# [What the task requires]
The expected result is a verbatim repetition of the lines from the start of the entries through the line containing "The Love Is", with the pictures removed.

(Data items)
+ + + +

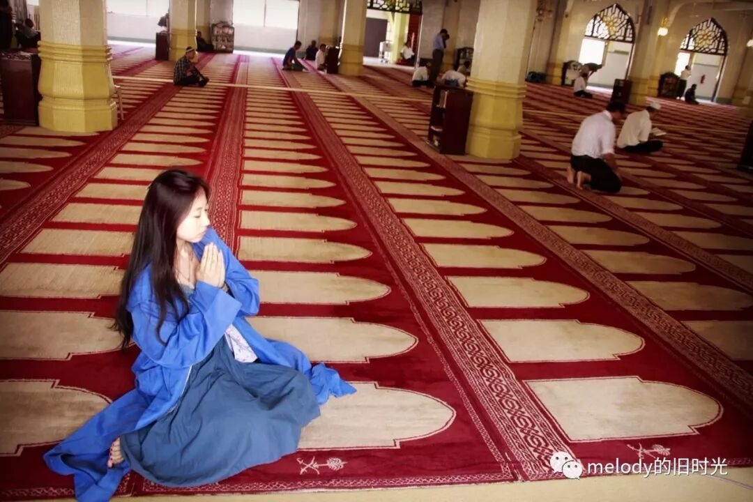 苏丹回教堂,每天上午9点—12点,下午2点—4点对外开放,教堂内禁止穿鞋进入,所有人都把鞋子摆放至台阶下,男性上衣必须有领有袖,穿长裤。女性上衣必须有领,袖长及腕,裤长及脚踝。我穿了一条过膝的长裙,于是被挡在门外。在穿上教堂内备有供访客穿用的雨衣一样的罩袍后,终于笨拙的走了进来。教堂内,一群男子躺在地毯上横七竖八的睡去,仿佛在神的庇护下,一切都是那么的安全。
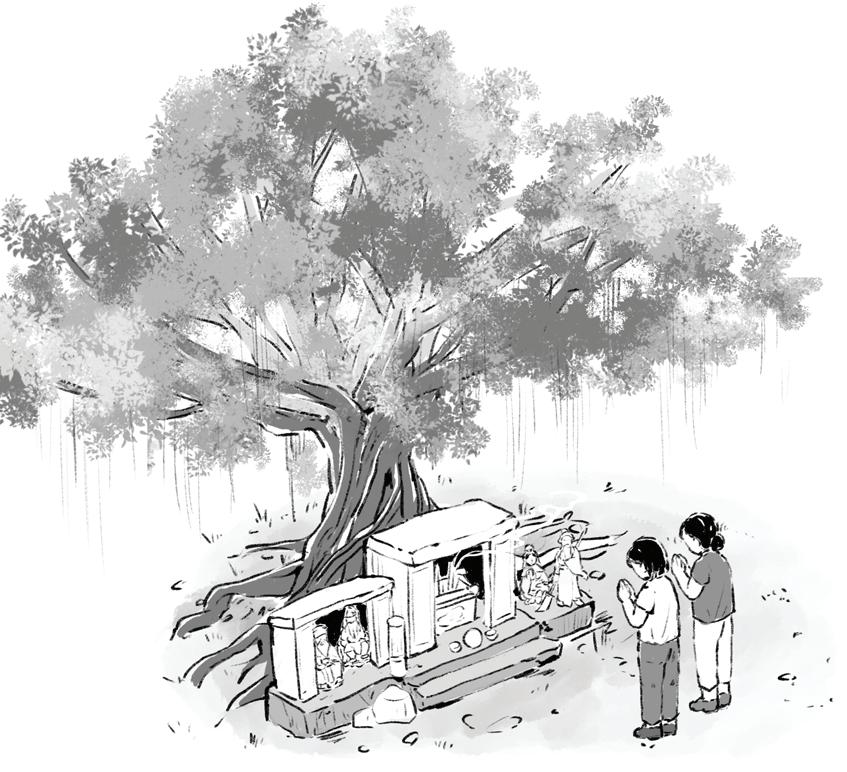 小時候,我的嫲嫲總會在過節的時候帶我到老榕樹下拜 神祈福,祈求神靈的保佑,使我們和下一代子孫能夠健 康地成長,同時也祈求能為農村和家人帶來平安和福 氣。我還記起夏天的時候,谷埔的天氣特別炎熱,我很 喜歡跟一群堂兄弟姐妹和村的小朋友走到榕樹下捉迷藏 或乘涼。由於谷埔欠缺一個兒童遊樂場,所以有些村內 的小朋友也跟我一起設計一些遊樂設施,例如自製遷 秋,我們便利用榕樹的粗壯樹幹承托我們用繩索和木板 製造的遷秋,我們便在該處蕩來蕩去,這樣的消遣方式 讓我們渡過多少個愉快的下午時光。年幼時,除了在老 榕樹處玩耍外,便會到谷埔碼頭海邊處游泳或在谷埔沙 路上踩單車,期間接觸很多不同的動物,昆蟲和植物, 所以我對這些生物的習性認識很深。
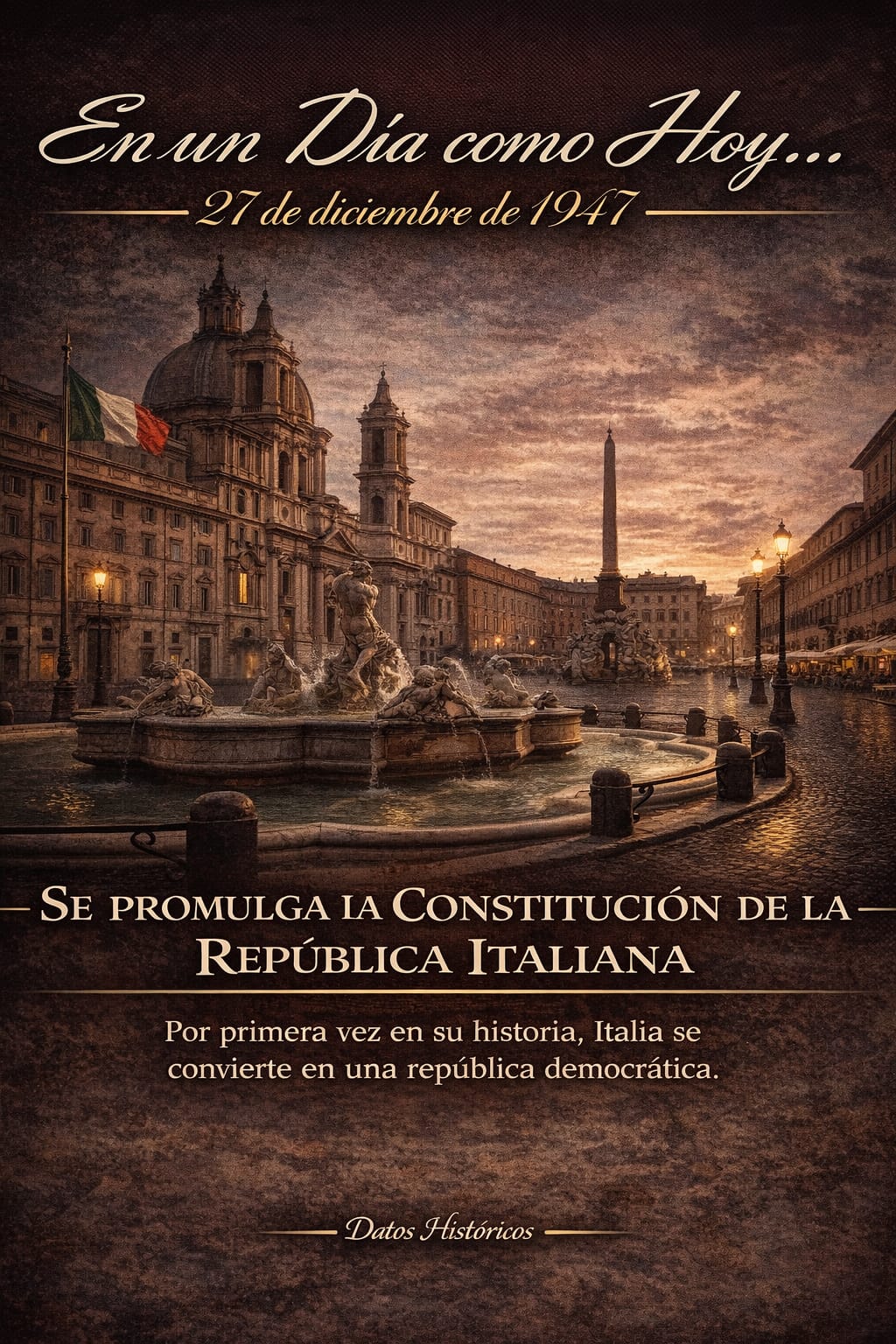 Promulgación de la Constitución de la República Italiana en 1947, que establece a Italia como una república democrática tras la Segunda Guerra Mundial.
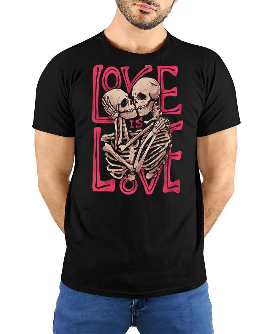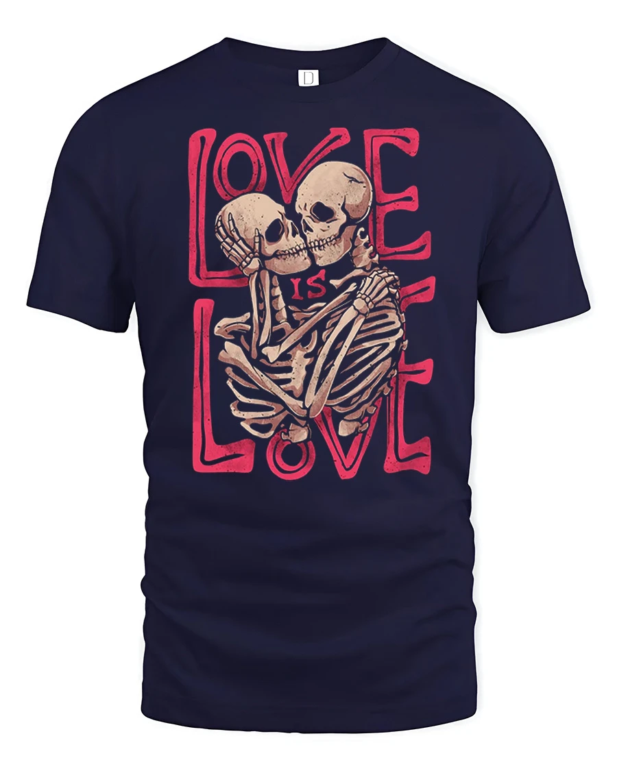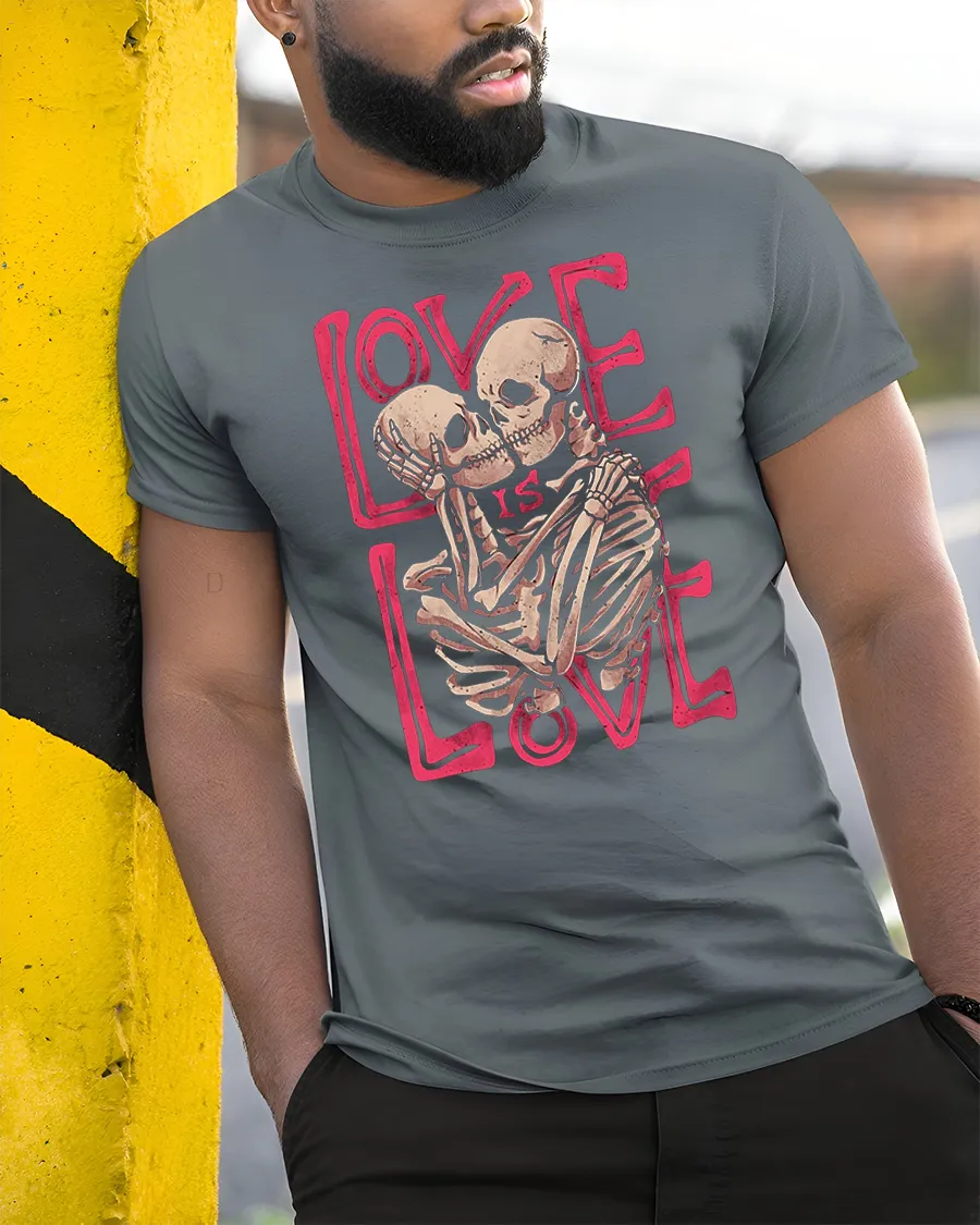 The Love Is Love Skeleton Couple Graphic Tee Gothic Love Tshirt features a bold and artistic design of two skeletons embracing with a strong love message in stylish typography.
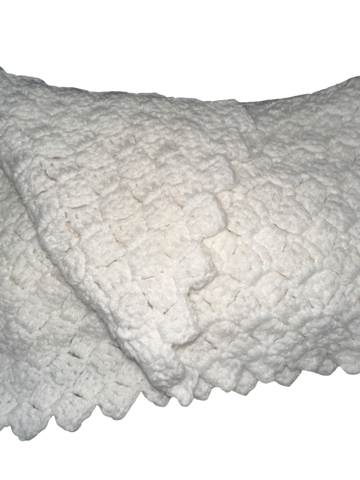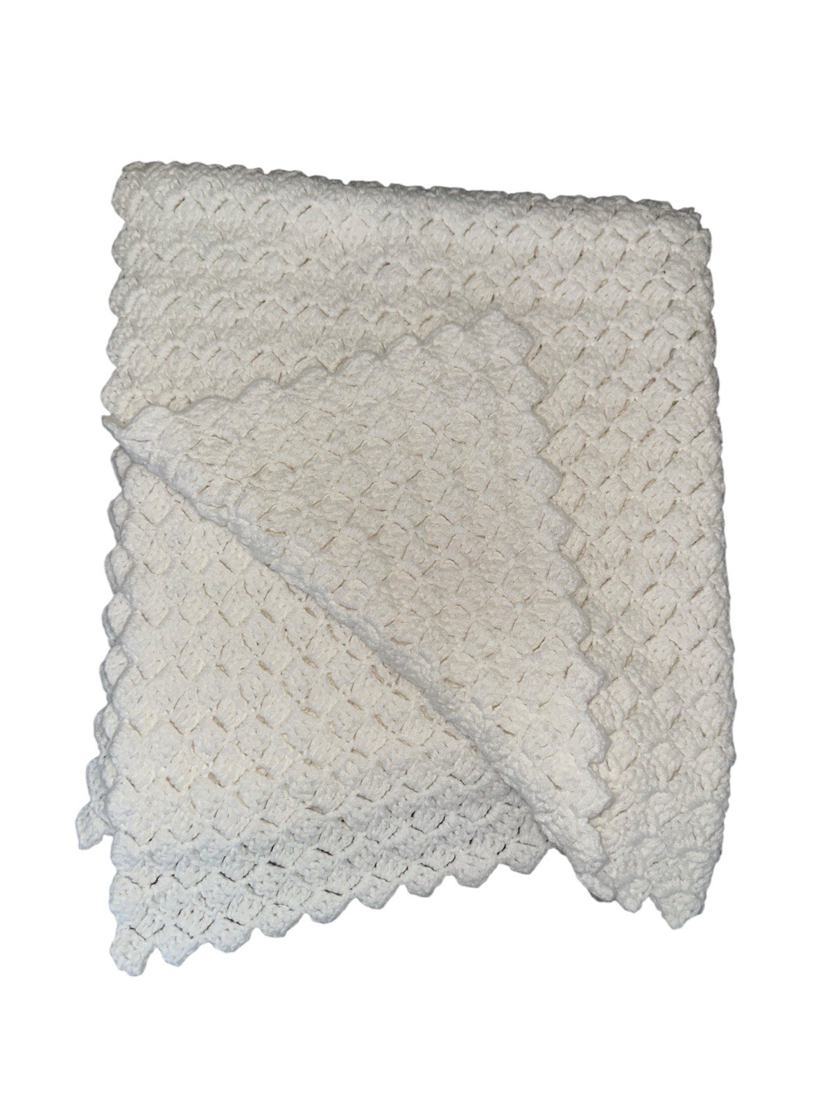 Handmade White Crochet Baby Blanket Vintage Heirloom Style Nursery Gift 35in

+ + + +

# [Completed exercise]
 苏丹回教堂,每天上午9点—12点,下午2点—4点对外开放,教堂内禁止穿鞋进入,所有人都把鞋子摆放至台阶下,男性上衣必须有领有袖,穿长裤。女性上衣必须有领,袖长及腕,裤长及脚踝。我穿了一条过膝的长裙,于是被挡在门外。在穿上教堂内备有供访客穿用的雨衣一样的罩袍后,终于笨拙的走了进来。教堂内,一群男子躺在地毯上横七竖八的睡去,仿佛在神的庇护下,一切都是那么的安全。
 小時候,我的嫲嫲總會在過節的時候帶我到老榕樹下拜 神祈福,祈求神靈的保佑,使我們和下一代子孫能夠健 康地成長,同時也祈求能為農村和家人帶來平安和福 氣。我還記起夏天的時候,谷埔的天氣特別炎熱,我很 喜歡跟一群堂兄弟姐妹和村的小朋友走到榕樹下捉迷藏 或乘涼。由於谷埔欠缺一個兒童遊樂場,所以有些村內 的小朋友也跟我一起設計一些遊樂設施,例如自製遷 秋,我們便利用榕樹的粗壯樹幹承托我們用繩索和木板 製造的遷秋,我們便在該處蕩來蕩去,這樣的消遣方式 讓我們渡過多少個愉快的下午時光。年幼時,除了在老 榕樹處玩耍外,便會到谷埔碼頭海邊處游泳或在谷埔沙 路上踩單車,期間接觸很多不同的動物,昆蟲和植物, 所以我對這些生物的習性認識很深。
 Promulgación de la Constitución de la República Italiana en 1947, que establece a Italia como una república democrática tras la Segunda Guerra Mundial.
 The Love Is Love Skeleton Couple Graphic Tee Gothic Love Tshirt features a bold and artistic design of two skeletons embracing with a strong love message in stylish typography.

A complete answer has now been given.